◆ What to produce
Give back exactly the lines of the data below, starting with the line that has "- drastically prune" and going on through the line that has "A collection of".

◆ Exercise data
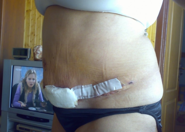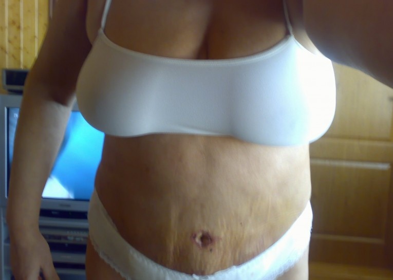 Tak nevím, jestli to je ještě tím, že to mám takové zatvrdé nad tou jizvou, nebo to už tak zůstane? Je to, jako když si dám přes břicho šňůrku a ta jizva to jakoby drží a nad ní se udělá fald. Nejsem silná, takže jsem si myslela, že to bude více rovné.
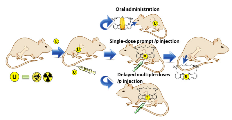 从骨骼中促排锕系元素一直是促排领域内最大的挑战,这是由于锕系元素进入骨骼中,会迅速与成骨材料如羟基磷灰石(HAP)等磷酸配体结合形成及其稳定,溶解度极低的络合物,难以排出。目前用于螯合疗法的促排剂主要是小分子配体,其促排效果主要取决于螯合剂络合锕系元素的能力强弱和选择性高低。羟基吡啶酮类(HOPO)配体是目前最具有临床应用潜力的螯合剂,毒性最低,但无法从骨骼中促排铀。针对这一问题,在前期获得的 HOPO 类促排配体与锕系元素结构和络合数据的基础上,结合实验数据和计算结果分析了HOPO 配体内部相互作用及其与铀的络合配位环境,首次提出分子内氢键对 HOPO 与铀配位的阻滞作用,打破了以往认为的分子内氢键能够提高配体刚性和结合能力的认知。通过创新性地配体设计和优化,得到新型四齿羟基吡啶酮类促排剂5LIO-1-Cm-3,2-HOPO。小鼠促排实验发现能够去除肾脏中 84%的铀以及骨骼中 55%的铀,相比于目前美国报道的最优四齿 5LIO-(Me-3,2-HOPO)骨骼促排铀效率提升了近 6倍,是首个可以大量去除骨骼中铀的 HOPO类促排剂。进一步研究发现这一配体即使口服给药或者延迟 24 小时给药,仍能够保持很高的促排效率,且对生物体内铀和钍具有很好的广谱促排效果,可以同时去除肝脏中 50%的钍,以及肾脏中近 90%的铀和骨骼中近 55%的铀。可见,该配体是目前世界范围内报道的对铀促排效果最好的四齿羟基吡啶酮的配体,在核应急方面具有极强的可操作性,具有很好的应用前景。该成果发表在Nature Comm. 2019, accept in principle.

==

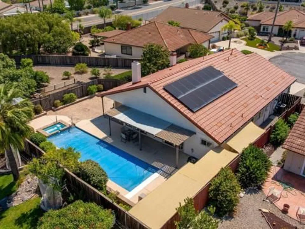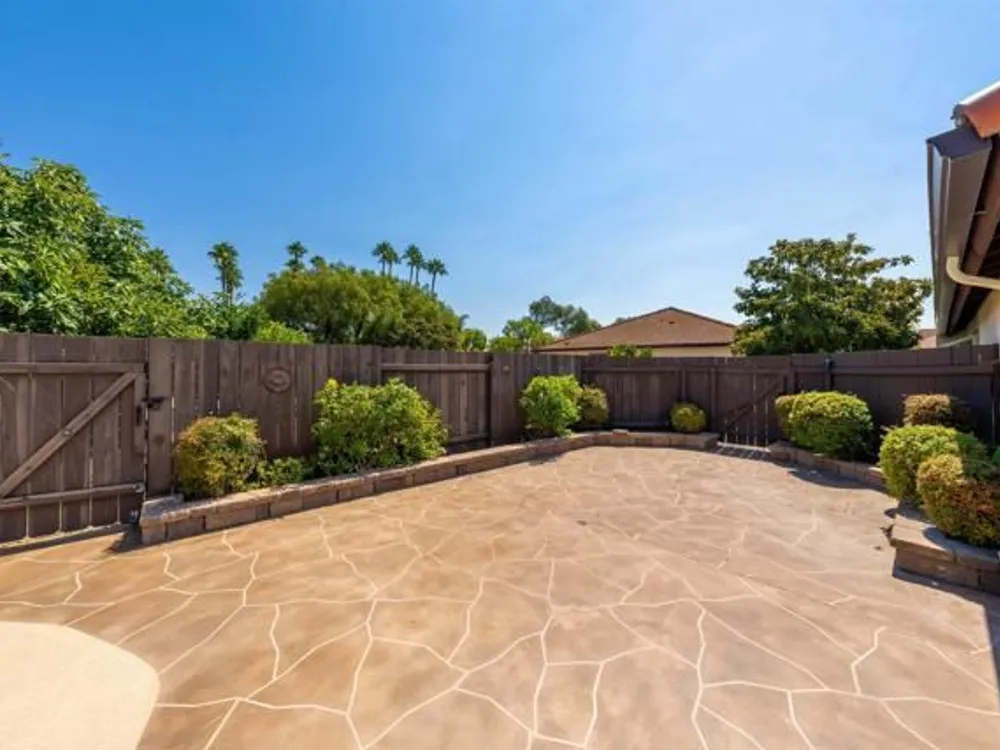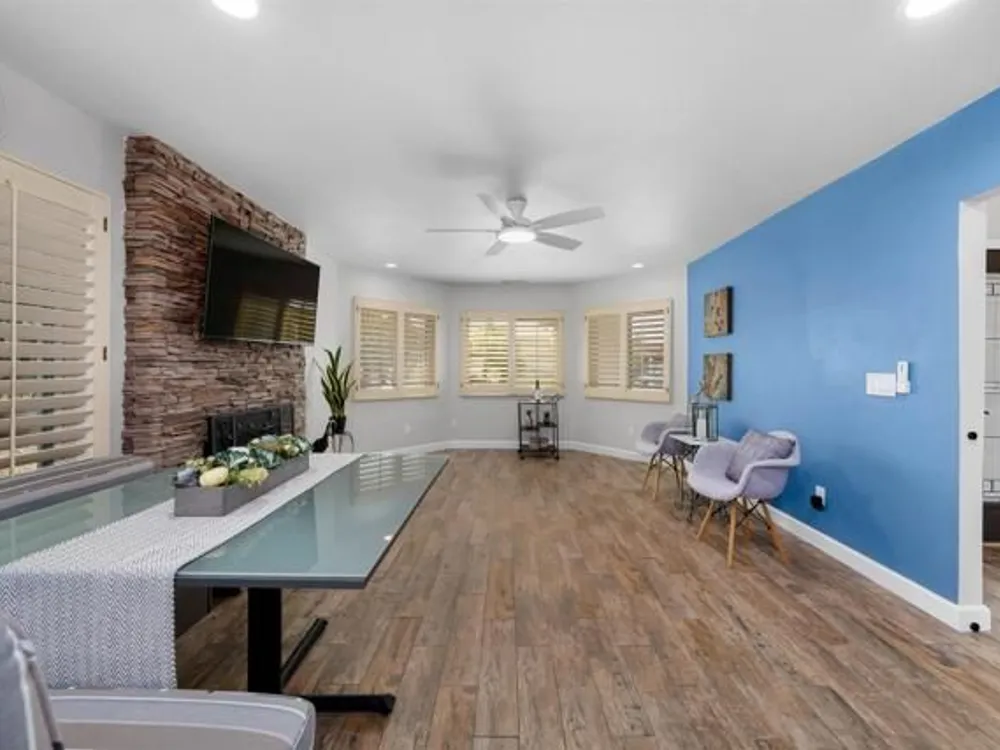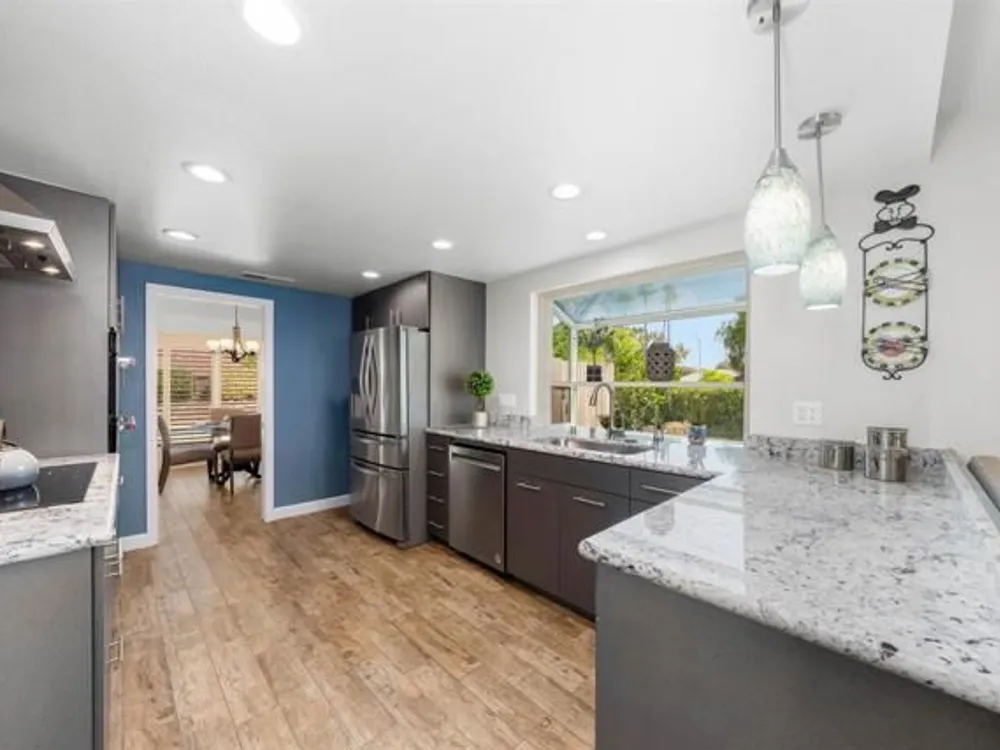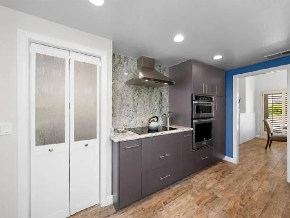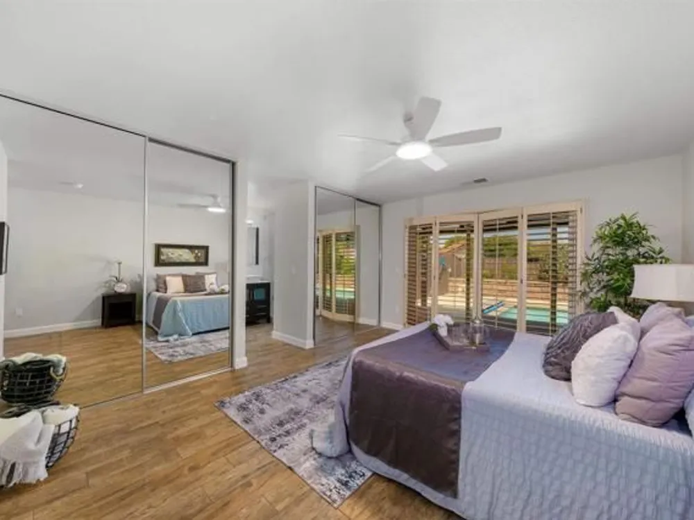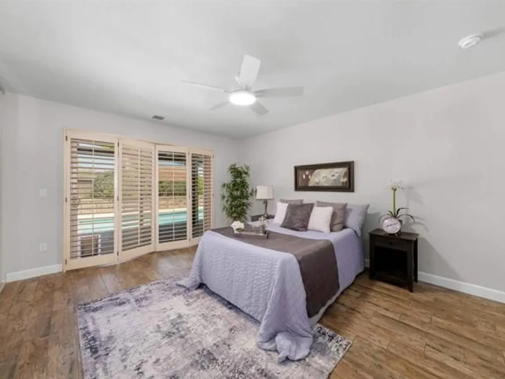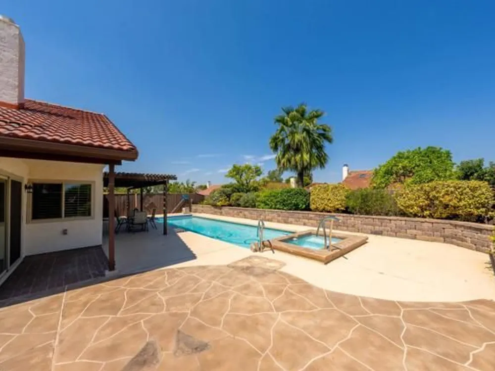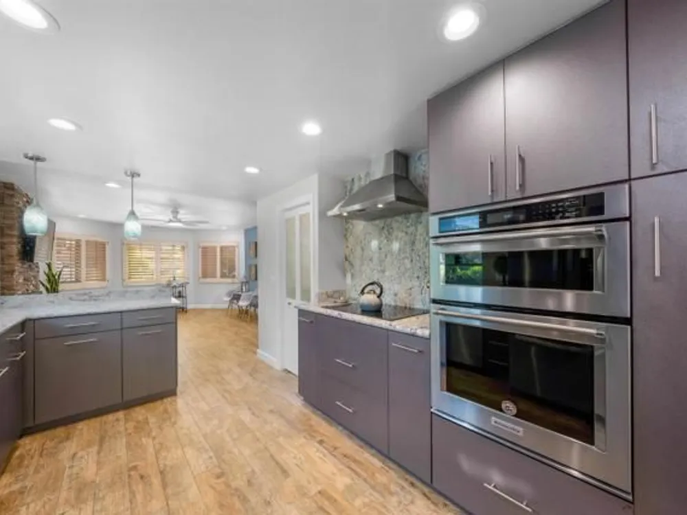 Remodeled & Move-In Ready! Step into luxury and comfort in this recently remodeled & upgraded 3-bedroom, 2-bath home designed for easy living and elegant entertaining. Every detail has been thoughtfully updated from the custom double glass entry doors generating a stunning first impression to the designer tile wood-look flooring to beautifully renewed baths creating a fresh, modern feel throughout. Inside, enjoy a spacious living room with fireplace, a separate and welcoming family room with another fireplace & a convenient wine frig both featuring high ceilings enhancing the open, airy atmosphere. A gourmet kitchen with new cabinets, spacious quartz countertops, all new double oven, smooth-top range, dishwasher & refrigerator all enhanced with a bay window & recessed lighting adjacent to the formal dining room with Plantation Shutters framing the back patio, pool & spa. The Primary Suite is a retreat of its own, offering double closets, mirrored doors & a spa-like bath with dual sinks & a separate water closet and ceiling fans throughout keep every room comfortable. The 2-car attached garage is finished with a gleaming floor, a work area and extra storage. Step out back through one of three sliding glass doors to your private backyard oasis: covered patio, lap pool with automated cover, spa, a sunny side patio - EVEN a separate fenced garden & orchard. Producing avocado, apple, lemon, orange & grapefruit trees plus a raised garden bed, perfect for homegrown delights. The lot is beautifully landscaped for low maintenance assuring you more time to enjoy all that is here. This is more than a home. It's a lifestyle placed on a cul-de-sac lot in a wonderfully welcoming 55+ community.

---

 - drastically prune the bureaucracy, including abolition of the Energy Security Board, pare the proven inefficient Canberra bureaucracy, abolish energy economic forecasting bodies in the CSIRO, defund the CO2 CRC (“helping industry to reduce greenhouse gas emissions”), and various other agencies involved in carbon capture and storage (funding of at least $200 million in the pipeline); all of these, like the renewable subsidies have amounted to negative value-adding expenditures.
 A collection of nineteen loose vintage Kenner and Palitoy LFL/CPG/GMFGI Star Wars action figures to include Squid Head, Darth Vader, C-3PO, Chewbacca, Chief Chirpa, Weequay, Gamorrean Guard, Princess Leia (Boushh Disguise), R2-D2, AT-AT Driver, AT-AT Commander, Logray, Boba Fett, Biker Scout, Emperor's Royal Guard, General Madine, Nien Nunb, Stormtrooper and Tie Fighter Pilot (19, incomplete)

◆ Reply
 - drastically prune the bureaucracy, including abolition of the Energy Security Board, pare the proven inefficient Canberra bureaucracy, abolish energy economic forecasting bodies in the CSIRO, defund the CO2 CRC (“helping industry to reduce greenhouse gas emissions”), and various other agencies involved in carbon capture and storage (funding of at least $200 million in the pipeline); all of these, like the renewable subsidies have amounted to negative value-adding expenditures.
 A collection of nineteen loose vintage Kenner and Palitoy LFL/CPG/GMFGI Star Wars action figures to include Squid Head, Darth Vader, C-3PO, Chewbacca, Chief Chirpa, Weequay, Gamorrean Guard, Princess Leia (Boushh Disguise), R2-D2, AT-AT Driver, AT-AT Commander, Logray, Boba Fett, Biker Scout, Emperor's Royal Guard, General Madine, Nien Nunb, Stormtrooper and Tie Fighter Pilot (19, incomplete)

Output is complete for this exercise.